**Problem to work on**
Set down the full listing below word for word; pictures stay out of the copy.

**The data**
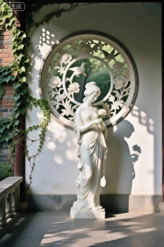 GYMX,画面里是一尊洁白的汉白玉雕像矗立在圆形镂空花窗前。花窗上雕刻着精美的花鸟图案,阳光透过花窗洒下,形成斑驳的光影。雕像是一位身姿婀娜的少女,她微微低头,手中似乎捧着一朵花,神情温柔而宁静。花窗左侧的墙是爬满爬山虎的砖墙,绿意盎然,右侧的墙壁是浅灰色的石墙,质感厚重。雕像和花窗的影子被印在地面和墙壁上,随着光线的变化而移动,给人一种时光流转的感觉,整个场景宛如一座静谧的园林中的艺术角落。
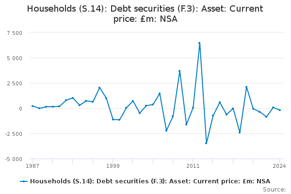 Download this time seriesHouseholds (S.14): Debt securities (F.3): Asset: Current price: £m: NSA
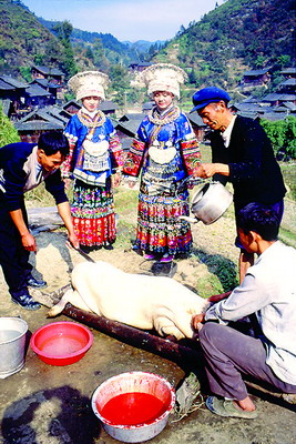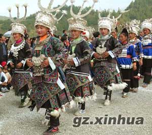 走寨結(jié)同年也是苗年期間重要的民俗活動。每到苗年。寨與寨之間便互為客主,互結(jié)同年。全村男女幾十人或上百人,帶上蘆笙,穿上節(jié)日盛裝,敲鑼打鼓到同年村進(jìn)行聯(lián)歡活動。進(jìn)村前以三曲笙歌告知主人,主人則帶領(lǐng)全村男女出村迎接。然后在蘆笙堂再次吹奏蘆笙及踩堂作為進(jìn)村儀式,主人也以吹蘆笙踩堂還禮。禮畢邀客人至各家款待。客人一般住三天,白天吹蘆笙踩堂,進(jìn)行蘆笙比賽,晚上演苗戲,未婚青年男女在此期間進(jìn)行“坐妹”對歌的社交活動,追尋自己的意中人,通宵達(dá)旦。
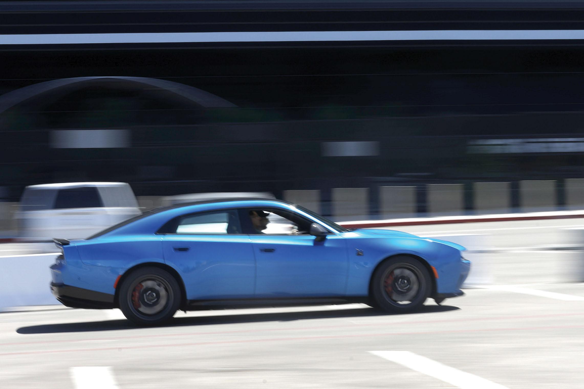 ALLEGIANT STADIUM | ELECTRIC VEGAS RECYCLE & RIDE | APRIL 4, 2026 Electric cars zoom through my neighborhood all the time. They go “eeeeee” and “nnnnnn” because they don’t have internal combustion engines. I applaud them for being environmentally sound, but they freak me out a little because I can’t always hear them coming, and I can’t quite shake the suspicion that they’re based on alien technology because I’ve heard Elon Musk talk. That’s why I like this 2026 Dodge Charger Daytona, a 670 horespower electric muscle car, seen here on a test drive during the Electric Vegas Recycle & Ride event at Allegiant Stadium. This literal Charger can go from 0-60 in 3.3 seconds ... and has a chambered exhaust system that makes the sound of a traditional gasoline-powered V8, so I can hear Sustainable Mad Max coming from a block away. Recycle & Ride, an event sponsored by local environmental groups and electric auto dealers, allowed people to test-drive electric vehicles while dropping off recyclable items. So fast, so Furiosa. –Geoff Carter

**Result of this task**
 GYMX,画面里是一尊洁白的汉白玉雕像矗立在圆形镂空花窗前。花窗上雕刻着精美的花鸟图案,阳光透过花窗洒下,形成斑驳的光影。雕像是一位身姿婀娜的少女,她微微低头,手中似乎捧着一朵花,神情温柔而宁静。花窗左侧的墙是爬满爬山虎的砖墙,绿意盎然,右侧的墙壁是浅灰色的石墙,质感厚重。雕像和花窗的影子被印在地面和墙壁上,随着光线的变化而移动,给人一种时光流转的感觉,整个场景宛如一座静谧的园林中的艺术角落。
 Download this time seriesHouseholds (S.14): Debt securities (F.3): Asset: Current price: £m: NSA
 走寨結(jié)同年也是苗年期間重要的民俗活動。每到苗年。寨與寨之間便互為客主,互結(jié)同年。全村男女幾十人或上百人,帶上蘆笙,穿上節(jié)日盛裝,敲鑼打鼓到同年村進(jìn)行聯(lián)歡活動。進(jìn)村前以三曲笙歌告知主人,主人則帶領(lǐng)全村男女出村迎接。然后在蘆笙堂再次吹奏蘆笙及踩堂作為進(jìn)村儀式,主人也以吹蘆笙踩堂還禮。禮畢邀客人至各家款待。客人一般住三天,白天吹蘆笙踩堂,進(jìn)行蘆笙比賽,晚上演苗戲,未婚青年男女在此期間進(jìn)行“坐妹”對歌的社交活動,追尋自己的意中人,通宵達(dá)旦。
 ALLEGIANT STADIUM | ELECTRIC VEGAS RECYCLE & RIDE | APRIL 4, 2026 Electric cars zoom through my neighborhood all the time. They go “eeeeee” and “nnnnnn” because they don’t have internal combustion engines. I applaud them for being environmentally sound, but they freak me out a little because I can’t always hear them coming, and I can’t quite shake the suspicion that they’re based on alien technology because I’ve heard Elon Musk talk. That’s why I like this 2026 Dodge Charger Daytona, a 670 horespower electric muscle car, seen here on a test drive during the Electric Vegas Recycle & Ride event at Allegiant Stadium. This literal Charger can go from 0-60 in 3.3 seconds ... and has a chambered exhaust system that makes the sound of a traditional gasoline-powered V8, so I can hear Sustainable Mad Max coming from a block away. Recycle & Ride, an event sponsored by local environmental groups and electric auto dealers, allowed people to test-drive electric vehicles while dropping off recyclable items. So fast, so Furiosa. –Geoff Carter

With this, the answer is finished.